In Up in the Air with the Prophetess, he sings the gospel of music sensation Zahara, making an admittedly crass statement that “not since Brenda Fassie was born, nor since she has gone, has South Africa experienced anything like this”.

Before you can throttle him to make him account for such blasphemy, you read deeper into his works and you begin to see-feel that what Madondo is truly obsessed with is who he calls his “blues queens”, such as Busi Mhlongo, Billie Holiday, and Miriam Makeba.

These are women who have the creative capacity to deal with the darkness of being Frantz Fanon’s “wretched of the earth” in a way that is chaotic and freeing at the same time.
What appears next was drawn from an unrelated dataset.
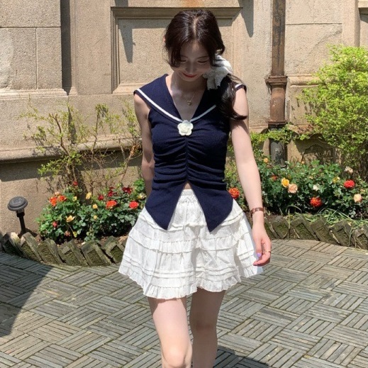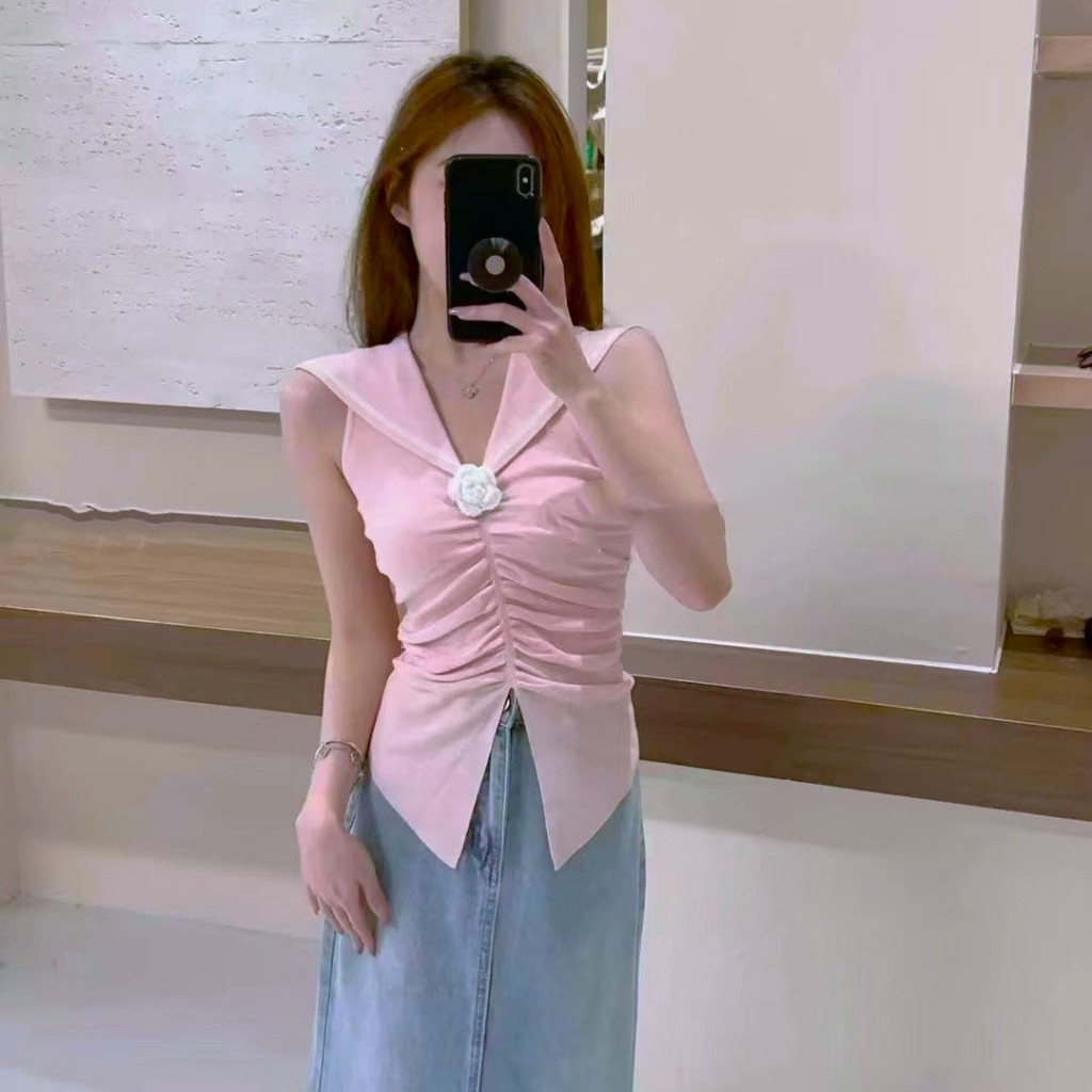 [TTEUDA] Tank Top Wanita Korean Style Sailor Kerut Flower Terbaru | Baju Ketekan Wanita Kerut Belah Tengah Kekinian | Tanktop Wanita Sailor Kerut Flower Knit Premium HBY

In a word: gospel.

We are in the Fallist moment of our post-apartheid history and Madondo’s meditations on blues queens are even more fitting if we consider that part of the decolonisation effort is the work of reclamation.

If we allow ourselves to read deeply into the work, we begin to make sense of a major subtext: the reclamation of rock ‘n’ roll and punk as black art forms generated by black blues queens.

If we are to think more about decolonisation and black modernity, we must look at Madondo’s work as following in the Black Atlantic tradition of African American-South African relationships such as those between Miles Davis and Hugh Masekela, Miriam Makeba and Sarah Vaughan, Audre Lorde and the women’s movement in South Africa, and, of course, the relationship between the late Lewis Nkosi and James Baldwin, Madondo’s real life and spiritual mentors, respectively.

There are close to 50 essays on everything, including religion, money and beauty, in Sigh.

Part One dedicates three essays to race. Madondo lets us in on the internal dialogues and conflicts of a black middle-class man in this particular juncture of our post-apartheid apartheid, as he is ritually reduced to the figure of the Black Intruder in his piece Oscar’s Phantom Nigger.

One thing he does is to self-identify “sell-out” as a means to reflect on some of the contradictions of being black in an anti-black world.

The trouble with what Toni Morrison has named “the white gaze” is the power it has to distort and appropriate black people’s representations for its own purposes.

Look no further than the foreword to Sigh, written by Rian Malan, who latches onto Madondo’s use of “sell out” to mischaracterise Madondo, a writer who, even through his tendencies towards liberal humanism, has strong roots in the Black Consciousness tradition, as “not one of those who thinks racism is an exclusively white disease”.

Sigh. Likewise, the white female gaze on the black male body shows its slip as a recent review by Marelise van der Merwe zeroes in on Madondo’s meditation of the caricature of the black rapist. Sigh.

It’s not yet uhuru, so Madondo cannot just be a carefree black writer. Such is the burden. This is the world in which Madondo writes.

And it is within this sigh-inducing world that he beautifully narrates our contradictions and complexities, and our joys and anguishes, like no other griot we have ever had.